Hack Lab #4 - Setting up Dradis for Tracking Hacking Activities

I have been using Kali Linux for a while since I started doing the OSCP labs.  Up to this point I had always used KeepNote to maintain my notes on what I did to what boxes and what I found in the labs.  However, I am now going to use Dradis to keep track of the same material.  I am doing this to ease the development of reporting - Dradis is capable of creating reports from its database.  This is going to be interesting since I have not used this tool before.  I have been playing around with it for a couple of days so I have a lot of junk in the database.  Since you are limited to one "project" at a time in Dradis-CE (community edition) I went on a hunt to find some way of being able to keep separate "project"s.  When I get back into the OSCP labs again, I want to keep separate databases of the exercises, the lab notes, and the challenge notes.
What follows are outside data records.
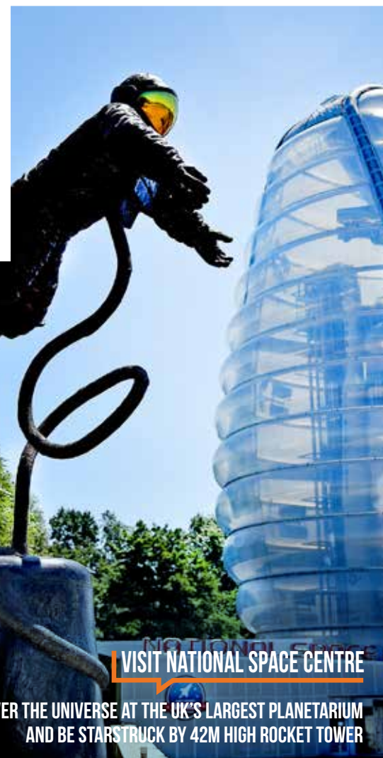
VISIT NATIONAL SPACE CENTRE

DISCOVER THE UNIVERSE AT THE UK'S LARGEST PLANETARIUM AND BE STARSTRUCK BY 42M HIGH ROCKET TOWER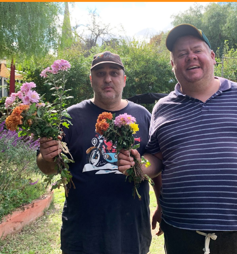
Joe and Joe with flowers they picked from the gardens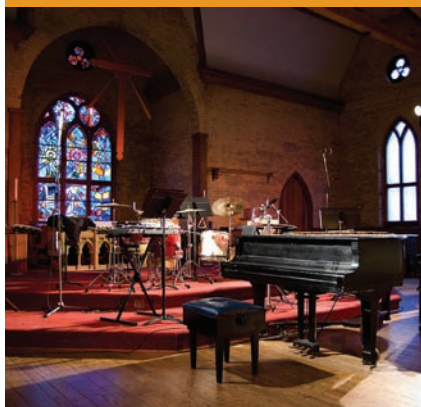
CCMC Music Gallery in St. George the Martyr Church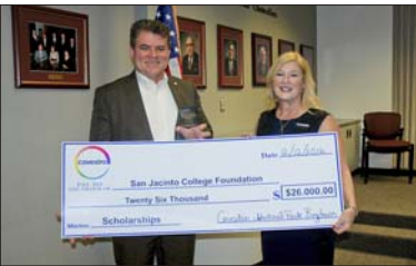
The San Jacinto College Foundation presented Covestro LLC with a recognition award for its $26,000 donation benefitting scholarships for industrial technology students at the College’s December Board of Trustees meeting.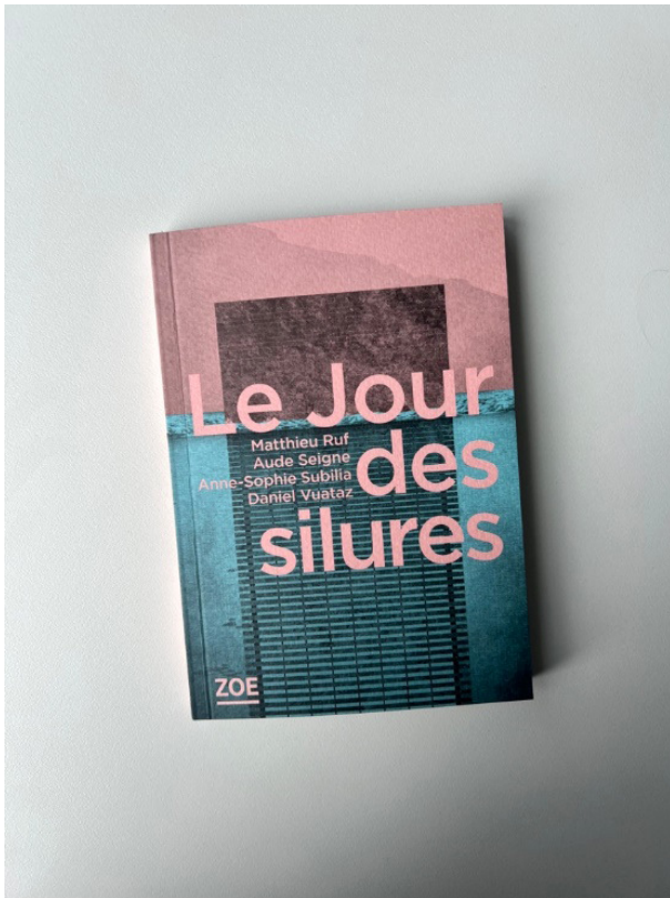
Figure 5. From narratives to a novel.

This novel was a means to challenge the story inherited from previous planning projects. What does rational planning mean when uncertainty becomes the new normal? What is left of a planned city when everything returns to a wild state? Some of the narratives collected from the inhabitants gradually took shape within the novelistic space, making room for places, objects, and symbols of everyday life in 2021–2022.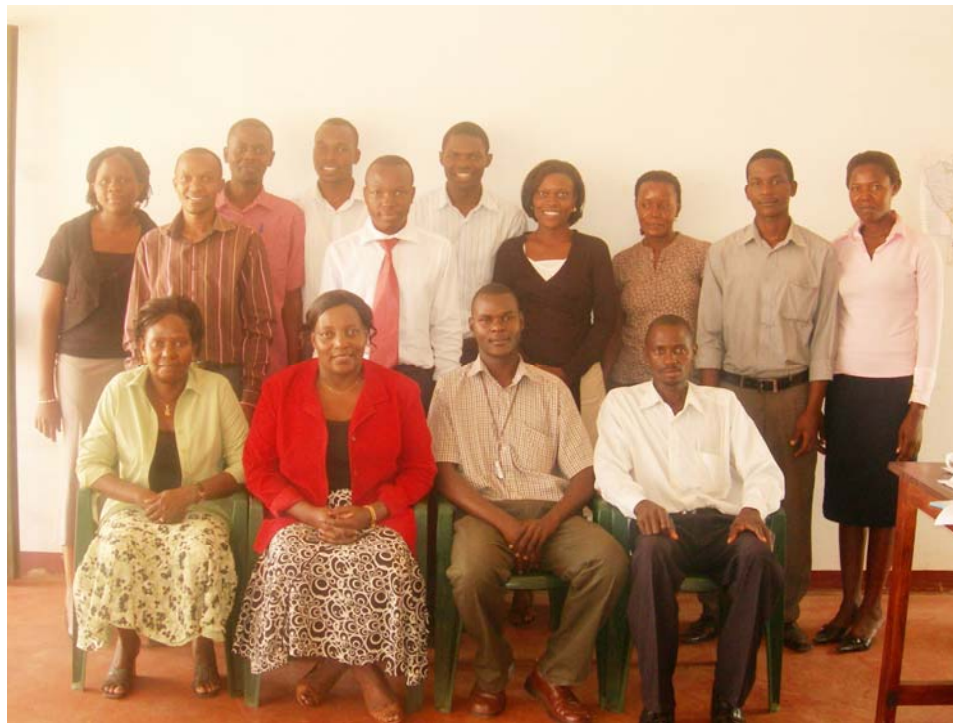
The Super Savers Team pose for a Photograph with the PEDN Secretariat Team led by the Executive Director [Second Left, Seated] at the PEDN Jinja Field Office-Jinja District after a staff orientation.

I was able to find a set of commands to reset the database at https://dradisframework.com/ce/documentation/reset.html.  I found out that using the following command

 "bundle exec thor dradis:reset"

while in the Kali Linux directory /usr/lib/dradis, I could reset everything and have a backup of what I had put into the archive.  So this led to a plan to keep things separate; I just have to remember to output a report of my findings before separating items out.  The sequence of steps is as follows:

1. reset the database with "bundle exec thor dradis:reset" in the /usr/lib/dradis directory; note the backup file in a README file in the /usr/lib/dradis directory, what it contains and the date.
2. change the .xml file that is used for initial project setup
3. create a new project using the .xml file
4. do what you do; take notes, add attachments, etc.
5. perform periodic backups of the data, in case of system failure
6. when complete, or at various times during the note taking, put out a report
7. finish up with a database reset (#1 above) and start over

I may come back and update this information later.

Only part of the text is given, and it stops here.